Retype all of the data word for word, without pictures.

--- Data excerpt ---

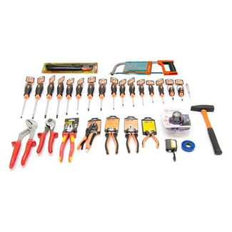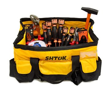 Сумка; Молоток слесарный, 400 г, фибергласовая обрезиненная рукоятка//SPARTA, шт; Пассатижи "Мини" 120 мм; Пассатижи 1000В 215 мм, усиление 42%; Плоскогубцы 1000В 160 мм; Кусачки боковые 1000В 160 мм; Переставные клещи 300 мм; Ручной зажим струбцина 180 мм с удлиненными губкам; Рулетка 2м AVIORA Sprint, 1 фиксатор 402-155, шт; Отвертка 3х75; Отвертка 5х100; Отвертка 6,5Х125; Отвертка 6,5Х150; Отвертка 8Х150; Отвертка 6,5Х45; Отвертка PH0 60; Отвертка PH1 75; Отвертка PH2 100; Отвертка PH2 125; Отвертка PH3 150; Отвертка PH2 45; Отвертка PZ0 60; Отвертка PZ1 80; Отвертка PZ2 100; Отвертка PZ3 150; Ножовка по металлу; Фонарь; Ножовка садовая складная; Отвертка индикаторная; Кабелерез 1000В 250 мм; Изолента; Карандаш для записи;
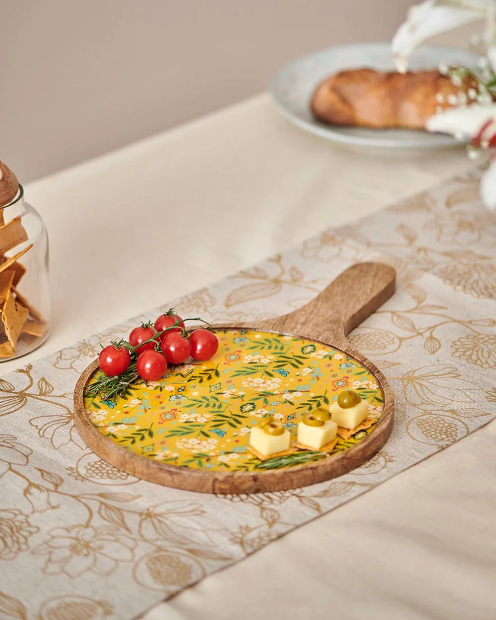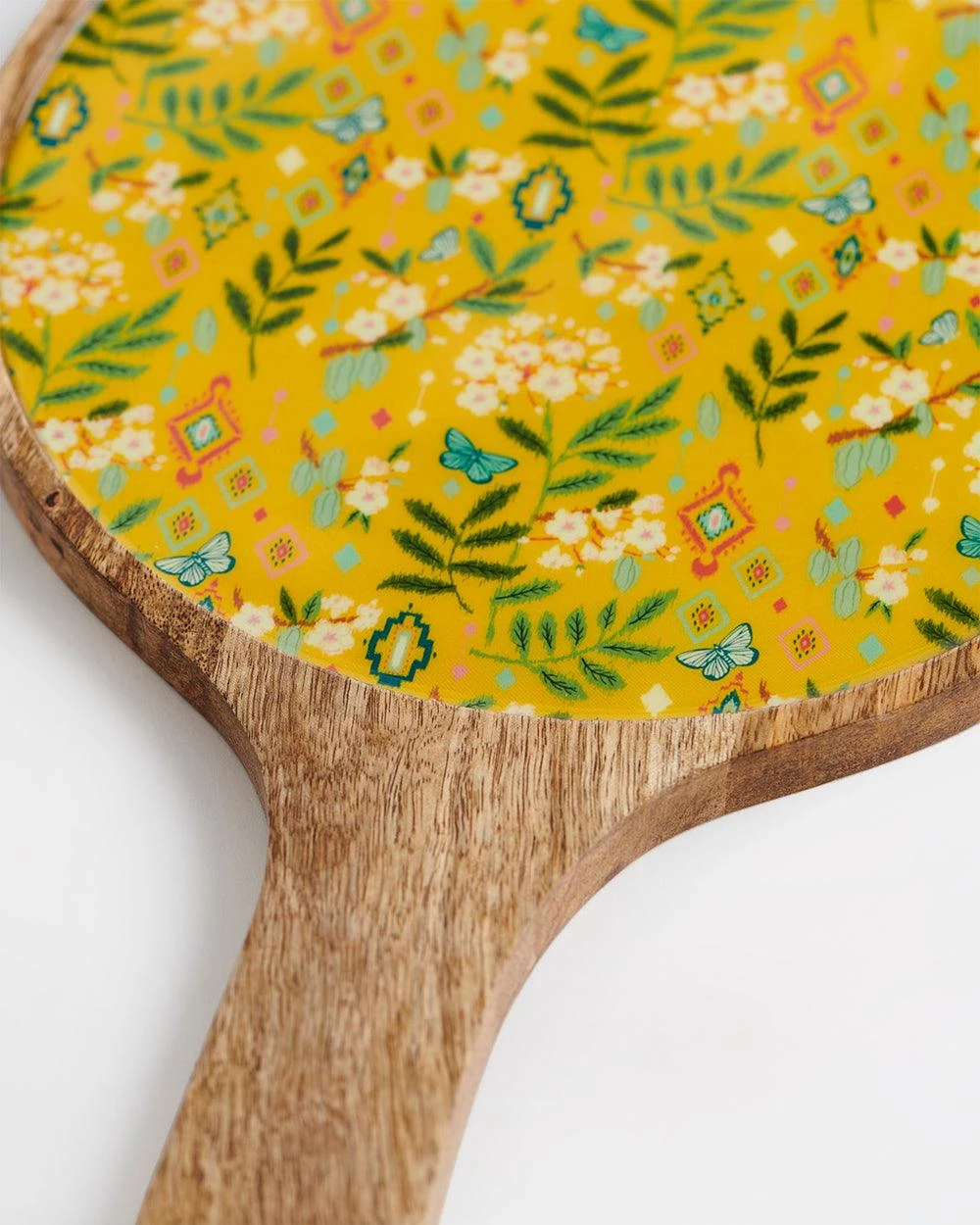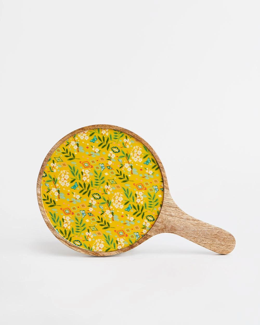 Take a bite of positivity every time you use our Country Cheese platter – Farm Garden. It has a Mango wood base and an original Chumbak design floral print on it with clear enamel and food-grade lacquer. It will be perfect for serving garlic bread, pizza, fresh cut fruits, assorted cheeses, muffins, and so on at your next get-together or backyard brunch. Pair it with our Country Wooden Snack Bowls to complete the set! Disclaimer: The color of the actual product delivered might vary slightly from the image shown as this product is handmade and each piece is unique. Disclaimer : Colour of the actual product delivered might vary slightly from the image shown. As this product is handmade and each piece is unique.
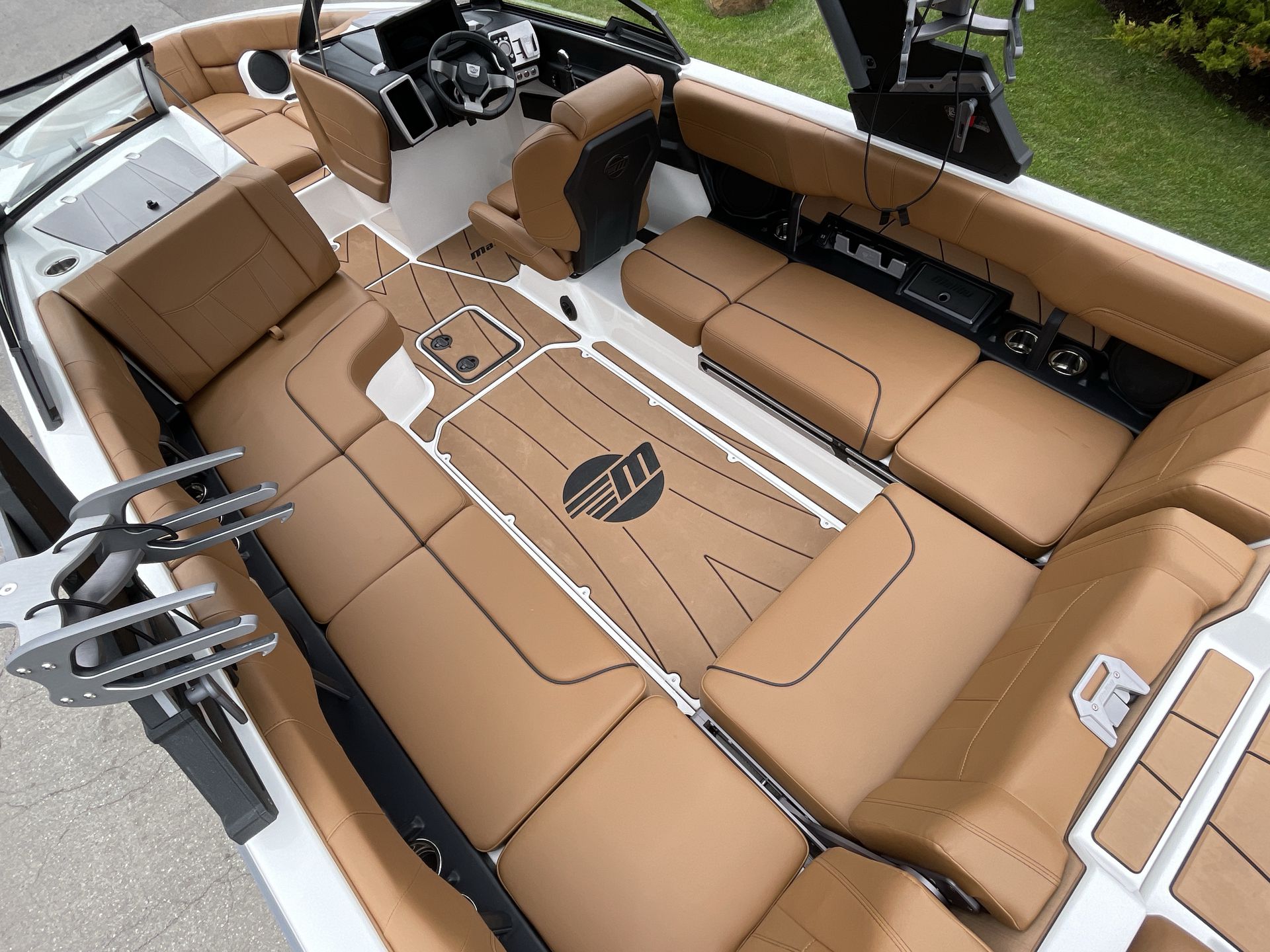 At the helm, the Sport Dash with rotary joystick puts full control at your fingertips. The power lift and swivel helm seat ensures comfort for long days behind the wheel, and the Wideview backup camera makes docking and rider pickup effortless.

---

> _Result for this exercise_
 Сумка; Молоток слесарный, 400 г, фибергласовая обрезиненная рукоятка//SPARTA, шт; Пассатижи "Мини" 120 мм; Пассатижи 1000В 215 мм, усиление 42%; Плоскогубцы 1000В 160 мм; Кусачки боковые 1000В 160 мм; Переставные клещи 300 мм; Ручной зажим струбцина 180 мм с удлиненными губкам; Рулетка 2м AVIORA Sprint, 1 фиксатор 402-155, шт; Отвертка 3х75; Отвертка 5х100; Отвертка 6,5Х125; Отвертка 6,5Х150; Отвертка 8Х150; Отвертка 6,5Х45; Отвертка PH0 60; Отвертка PH1 75; Отвертка PH2 100; Отвертка PH2 125; Отвертка PH3 150; Отвертка PH2 45; Отвертка PZ0 60; Отвертка PZ1 80; Отвертка PZ2 100; Отвертка PZ3 150; Ножовка по металлу; Фонарь; Ножовка садовая складная; Отвертка индикаторная; Кабелерез 1000В 250 мм; Изолента; Карандаш для записи;
 Take a bite of positivity every time you use our Country Cheese platter – Farm Garden. It has a Mango wood base and an original Chumbak design floral print on it with clear enamel and food-grade lacquer. It will be perfect for serving garlic bread, pizza, fresh cut fruits, assorted cheeses, muffins, and so on at your next get-together or backyard brunch. Pair it with our Country Wooden Snack Bowls to complete the set! Disclaimer: The color of the actual product delivered might vary slightly from the image shown as this product is handmade and each piece is unique. Disclaimer : Colour of the actual product delivered might vary slightly from the image shown. As this product is handmade and each piece is unique.
 At the helm, the Sport Dash with rotary joystick puts full control at your fingertips. The power lift and swivel helm seat ensures comfort for long days behind the wheel, and the Wideview backup camera makes docking and rider pickup effortless.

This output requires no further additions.